I have a df with two categorical variables: team and home_win. I would like to obtain percentage of home wins per team (1 = home_win; 2 = home_loss). However, I can't figure out how to use two catergorical variables two create a percentage.
Please help!
team | home_win | total_games |
---|---|---|
"red" | 1 | 3 |
"blue | 1 | 1 |
"orange" | 2 | 1 |
"red" | 1 | 3 |
"red" | 2 | 3 |
data.frame(
team = c("red", "blue", "orange", "red", "red"),
home_win = c(1, 1, 2, 1, 2),
total_games = c(3, 1, 1, 3, 3)
)
team | home_win | total_games | percentage |
---|---|---|---|
"red" | 1 | 3 | 66.66 |
"blue | 1 | 1 | 100 |
"orange" | 2 | 1 | 0 |
"red" | 1 | 3 | 66.66 |
"red" | 2 | 3 | 66.66 |
You could try this.
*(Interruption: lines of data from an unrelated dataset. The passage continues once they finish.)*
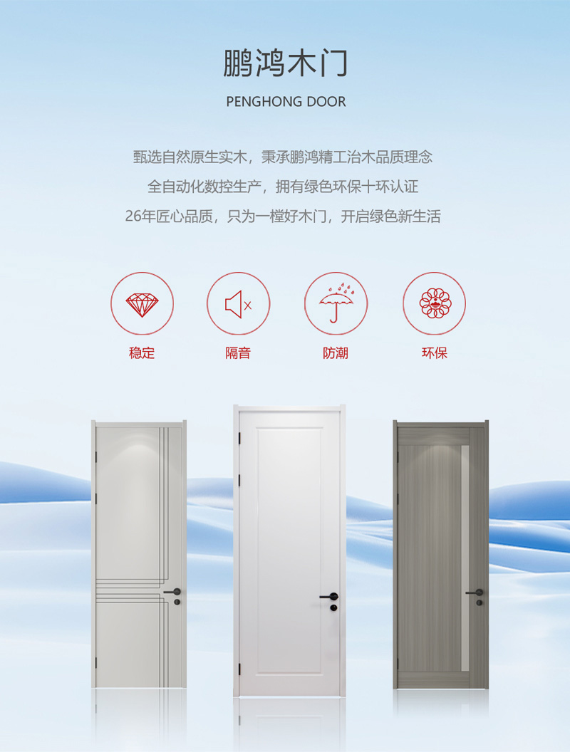 PENGHONG DOORs甄選自然原生實木,秉承鵬鴻精工治木品質理念,全自動化數(shù)控生產,擁有綠色環(huán)保十環(huán)認證。26年匠心品質,只為一樘好木門,開啟綠色新生活。
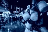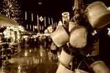 Linz, Austria - December 20, 2024: Plastic jars with cotton candy at Christmas market.
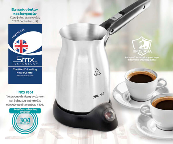 Το ηλεκτρικό μπρίκι BRUNO BRN-0041 είναι ιδανικό για εύκολη και γρήγορη ετοιμασία του αγαπημένου σας Ελληνικού καφέ καθώς και για το ζέσταμα νερού για άλλα ζεστά ροφήματα, έτοιμες σούπες, κρέμες κτλ.
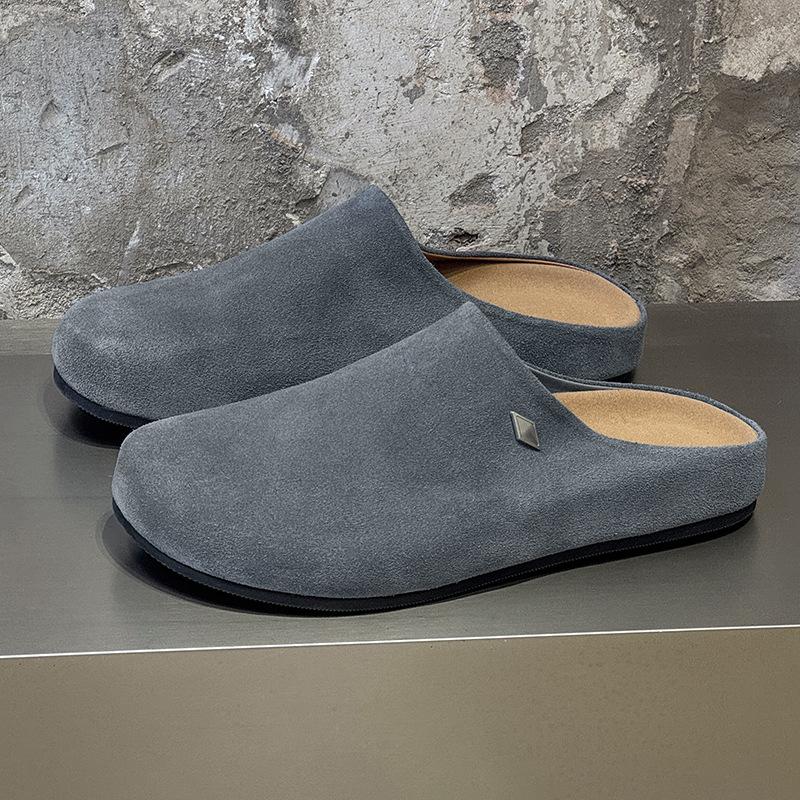 Retro Inner Heightening Bag Head Half Slippers Summer New Outer Wear Flat Bottom One Pedal Lazy 19987 gray-J
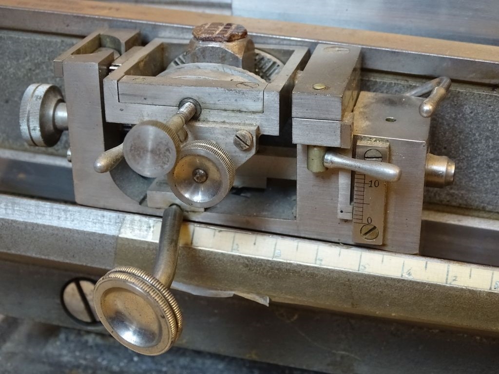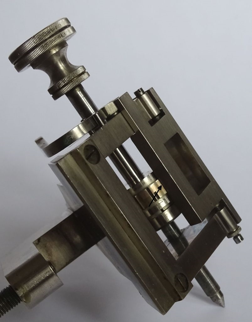 Weder der Objekthalter noch der Messerschlitten laufen auf Elfenbein, dafür sind an den Kontaktpunkten in die Messinggrundkörper kleine Bronzezylinder eingesetzt. Bei dem Objekthalter wurden die Kontaktpunkt zusätzlich noch leicht erhaben ausgeführt, um die Reibung zu vermindern (Bild 10).

If we exchange the 2
for 0
, we can simply take the mean for each team.
library(dplyr)
dat$home_win = as.numeric(gsub(2, 0, dat$home_win))
> dat %>% group_by(team) %>% summarise(win_perc = mean(home_win) * 100)
# A tibble: 3 × 2
team win_perc
<chr> <dbl>
1 blue 100
2 orange 0
3 red 66.7
Or if you want to keep the other cols:
dat$home_win = as.numeric(gsub(2, 0, dat$home_win))
dat %>% group_by(team) %>% mutate(win_perc = mean(home_win) * 100)
# A tibble: 5 × 4
# Groups: team [3]
team home_win total_games win_perc
<chr> <dbl> <dbl> <dbl>
1 red 1 3 66.7
2 blue 1 1 100
3 orange 0 1 0
4 red 1 3 66.7
5 red 0 3 66.7